Oh yeah. We had a parakeet at the time who wouldn't live in his cage. He lived on top of his cage. That was the meanest little bastard that ever lived. His name was Pongo or something like that. He could mimic the cats, my mom and he hated my dad. The rule was, Pongo had to go in his cage at supper time because he would "bathe" in your food. Seriously. We discovered that little charming trait, when he proceeded to "swim" through everybody's homemade pea soup one night. Boy, was my mom pissed! Where he ever came from I have no idea. Probably one of my parents' enemies gave him to us. Anyway, one night it was time to eat and Pongo knew he had to go in his cage, so the fight begins. I have this memory of my father, chasing this little flying rat down this long hallway, until it looks like they're going to disappear over the horizon, and then, what seems like hours later, they grow ever larger. It was like a Road Runner cartoon. At times, My dad would "trick" Pongo and put ice cream in his cage. You couldn't fall back on that very often.
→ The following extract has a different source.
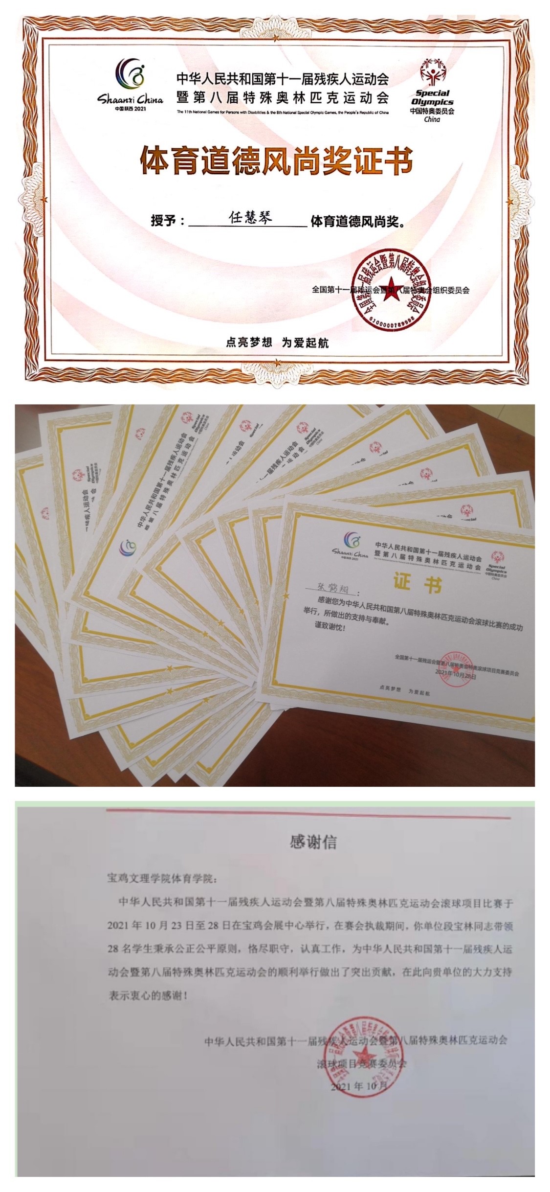 近日,中华人民共和国第十一届残疾人运动会暨第八届特殊奥林匹克运动会滚球项目竞赛组委会为开元体育学院发来感谢信,对开元体育学院助力运动会裁判工作表示感谢,对学院段宝林教授以及参加裁判工作的28名同学表示感谢。

So, not-Rocky the flying squirrel recovered in Pongo's cage, and slept in one of my father's fur-lined Air Force gloves until he recovered from the trauma of being chased by cats and crazy naked people. The genteel old folks didn't speak to us for awhile until they forgot who were, I guess. The cats continued to bring us "gifts." 


**With thanks to Dr. Fab for this idea. I was commenting on her post about the bats. Check out her website. She is very cool and writes sci fi as well!

5 comments:

AZJOJO said...

ENJOYED THIS VERY MUCH!

MidnightWolf said...

That was a really good one! Although, is it me, or is #8 missing?

ViolaFury said...

I'm glad you enjoyed it; my blogger friend Andi-Roo, has a list of commandments for self-healing. I stole, er, borrowed some of her material. This little tale could fall under 17. Catastrophe now makes for a good story later, or, well, there is no or on that particular list. Check out that post hee, AZJOJO, http://www.theworld4realz.com/whats-up-wenzday-71112/
and do please come and visit again. Next time, I'll make tea.

ViolaFury said...

Wolf, The Curse of Shantay Pass has struck again. Somewhere back in the ROW80 count there are two 5s or something, so in my usual, carefully, thought out, could give a shit and blind fashion, I changed 8 to 9, never looked back and kept going. The fact that I started this Challenge two days after it started hasn't held me back, so why should a little thing like, oh, numbering systems? You know me. I'm so, so, glad you enjoyed this. Loving animals the way you do, I figured this was a slam-dunk. I have tons and tons of stories of epic battles between my father and our many cats. He loved them, he'd had them from when he was a boy, but lordy, they had some battles of wills. Hope to see you on RS one of these days. I've jabbered enough. Off to write some more badly numbered ROWS2.

Anonymous said...

You've made my day! This is the perfect blog post for any Monday!! (Sorry, it's taken me a few days to get here.)

Keep writing! It is such a pleasure to read... and keep on working on getting over your own demons. Good luck. I hope you journey well.